■ Task item
Check every line of the entries below for "Figure", and copy the lines that have it.

■ Data in this exercise

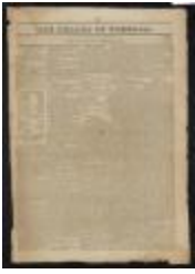
Newspaper: Herald of Freedom, Vol. I, No 49, September 19, 1832 (1998.010.012 AB)
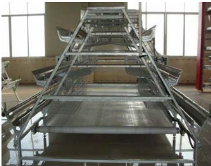
23. Belt Manure Removal System For removal of livestock waste automatically.
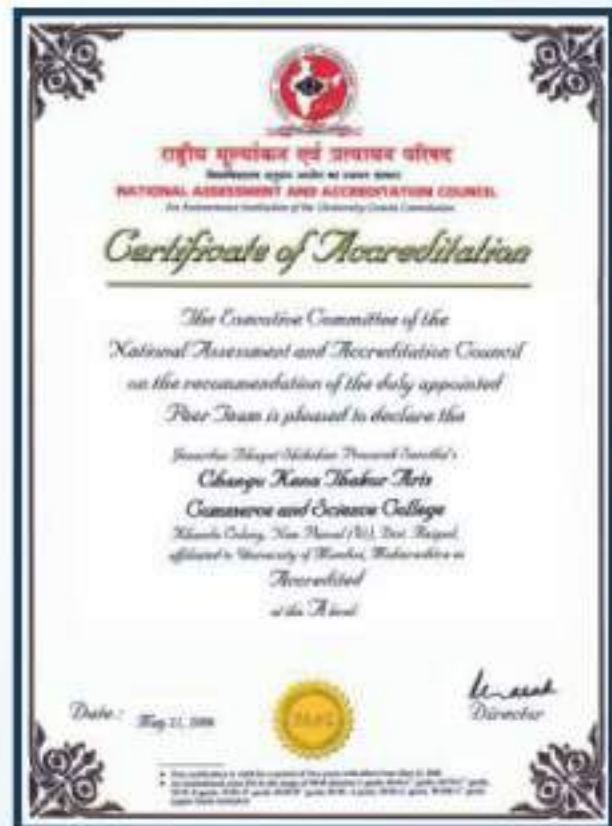
Accredited 'A' Grade by NAAC (2005-2006 to 2010-2011)
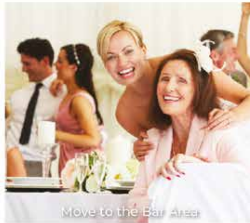
Move to the Bar Area
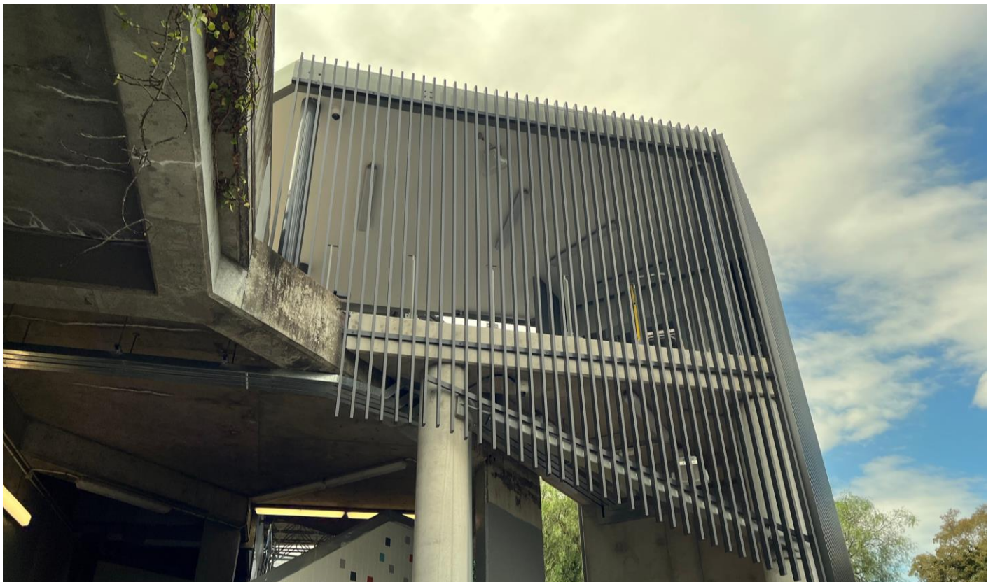
Station entry from Thompson Lane
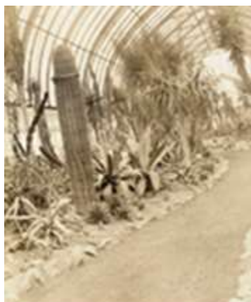
Missouri Botanical Garden E.J. Palmer 4/3/1924
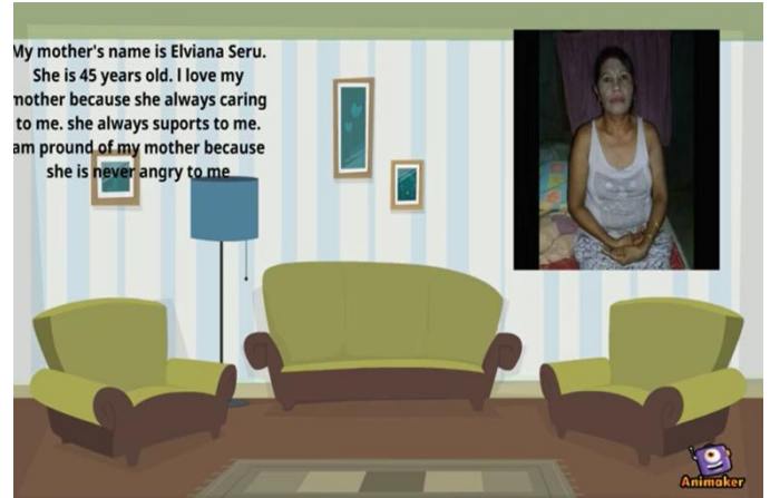
Figure 4. Mechanics problems in a student's part of text

Good mechanic of writing which becomes the eighth aspect of DST requires no error in spelling and grammar. Most students have problems in this aspect. Other technical problems of writing are relating to capitalization, spacing, and punctuations. Figure 4 is one example of bad mechanics carrying several writing mistakes.

■ The answer
Figure 4. Mechanics problems in a student's part of text
Good mechanic of writing which becomes the eighth aspect of DST requires no error in spelling and grammar. Most students have problems in this aspect. Other technical problems of writing are relating to capitalization, spacing, and punctuations. Figure 4 is one example of bad mechanics carrying several writing mistakes.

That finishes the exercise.